>>>>>

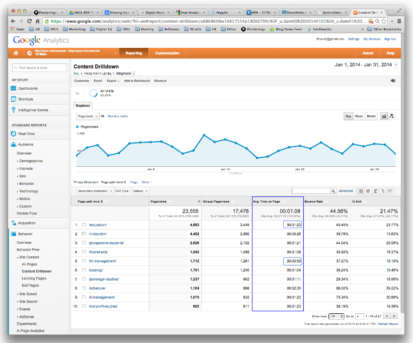 These data, when examined by the end user, help determine whether content or information architecture of the website needs to be revised (e.g. visitors are spending less time on one program page than on another – does this suggest content is more or less compelling on one page than another? See Figure 3).
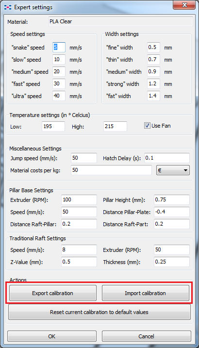 Unlike skeinforge, this software works with a calibration procedure. For each kind (an color) of polymer, you will have to print out 16 calibration squares whose walls you then have to measure with a caliper.
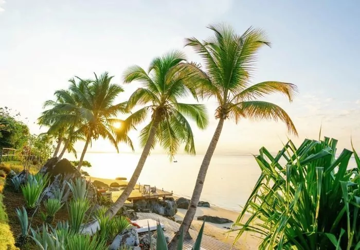 Gelegen aan de westkust van Nosy Be, op slechts een half uur rijden van de luchthaven, bevindt zich het 4-sterren Palm Beach Resort & Spa.
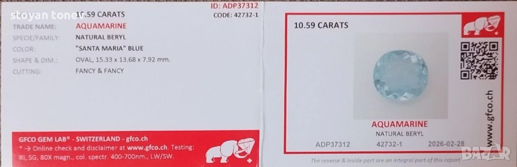 СЕРТИФИКАТ ОТ GFCO GEM LAB (Швейцария) – номер ADP373312 / код 42732-1, издаден на 28.02.2026 г.
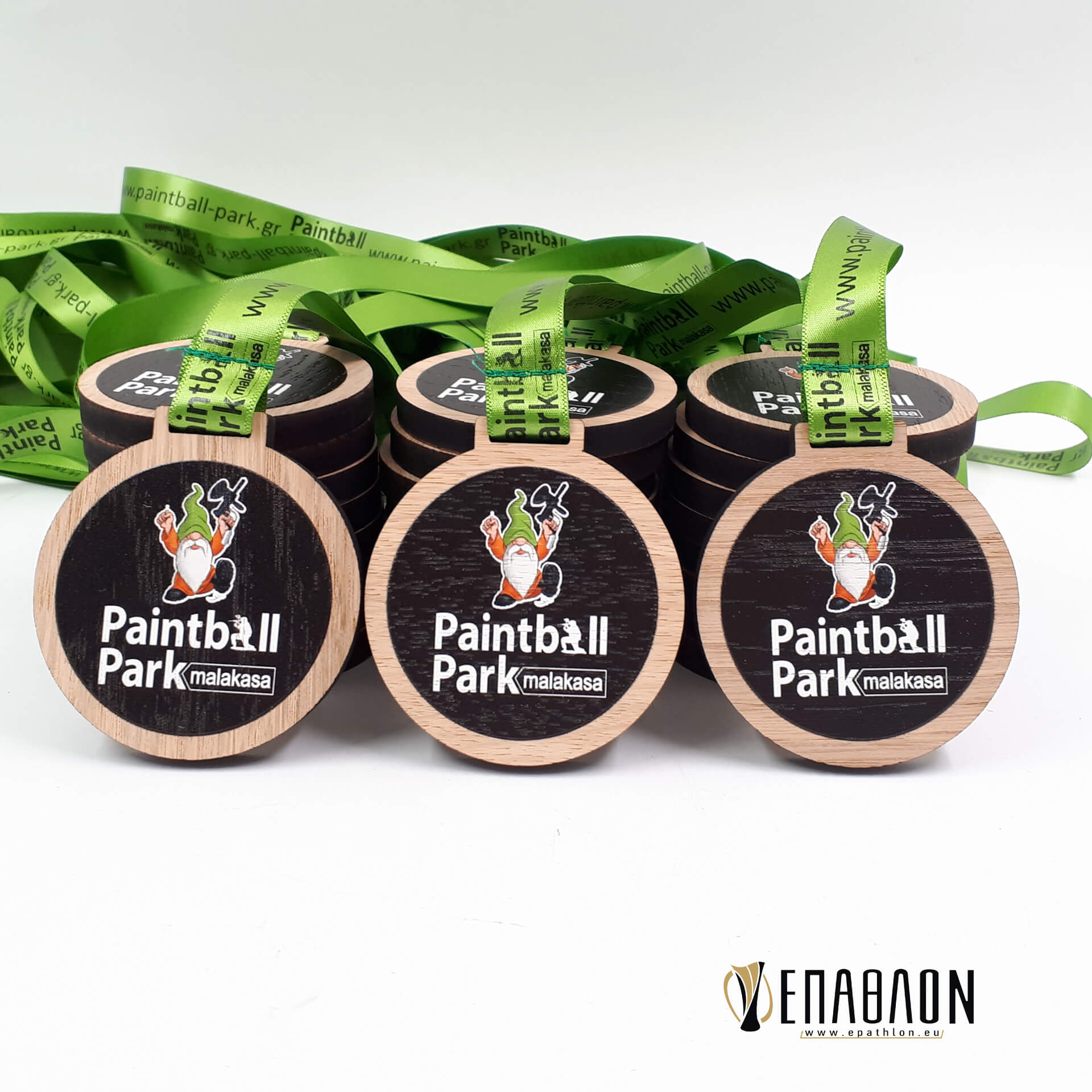 Custom ξύλινο μετάλλιο με έγχρωμη εκτύπωση • Υλικά: Ξύλο πάχους 7mm με εκτύπωση επάνω στο ξύλο, κορδέλα με μονόχρωμη εκτύπωση
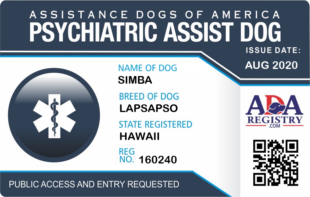 Psychiatric Service Dog Registration for Simba
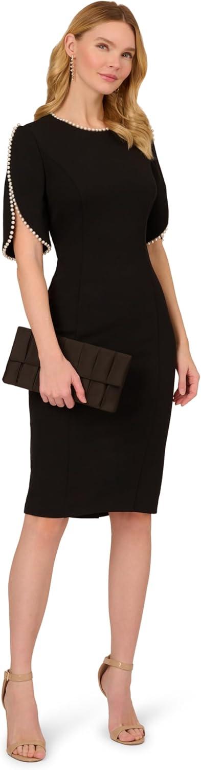An elevated take on the little black dress, this cocktail style will shine at your next party. This dress features a boat neckline, fitted silhouette, and slit elbow-length sleeves trimmed in pearl beading. Crafted from knit crepe fabric with some stretch, this midi dress is as comfortable as itis versatile. A zipper center back closure and a slit at the back of the skirt completes this little black dress. From cocktail hour to semi formal attire events, this short sleeve dress is a iconic choice.

<<<<<

Exercise prompt
Retype each line of the data exactly, beginning with the first; include the line containing "Psychiatric Service Dog" and stop there, skipping every picture.

Written reply
 These data, when examined by the end user, help determine whether content or information architecture of the website needs to be revised (e.g. visitors are spending less time on one program page than on another – does this suggest content is more or less compelling on one page than another? See Figure 3).
 Unlike skeinforge, this software works with a calibration procedure. For each kind (an color) of polymer, you will have to print out 16 calibration squares whose walls you then have to measure with a caliper.
 Gelegen aan de westkust van Nosy Be, op slechts een half uur rijden van de luchthaven, bevindt zich het 4-sterren Palm Beach Resort & Spa.
 СЕРТИФИКАТ ОТ GFCO GEM LAB (Швейцария) – номер ADP373312 / код 42732-1, издаден на 28.02.2026 г.
 Custom ξύλινο μετάλλιο με έγχρωμη εκτύπωση • Υλικά: Ξύλο πάχους 7mm με εκτύπωση επάνω στο ξύλο, κορδέλα με μονόχρωμη εκτύπωση
 Psychiatric Service Dog Registration for Simba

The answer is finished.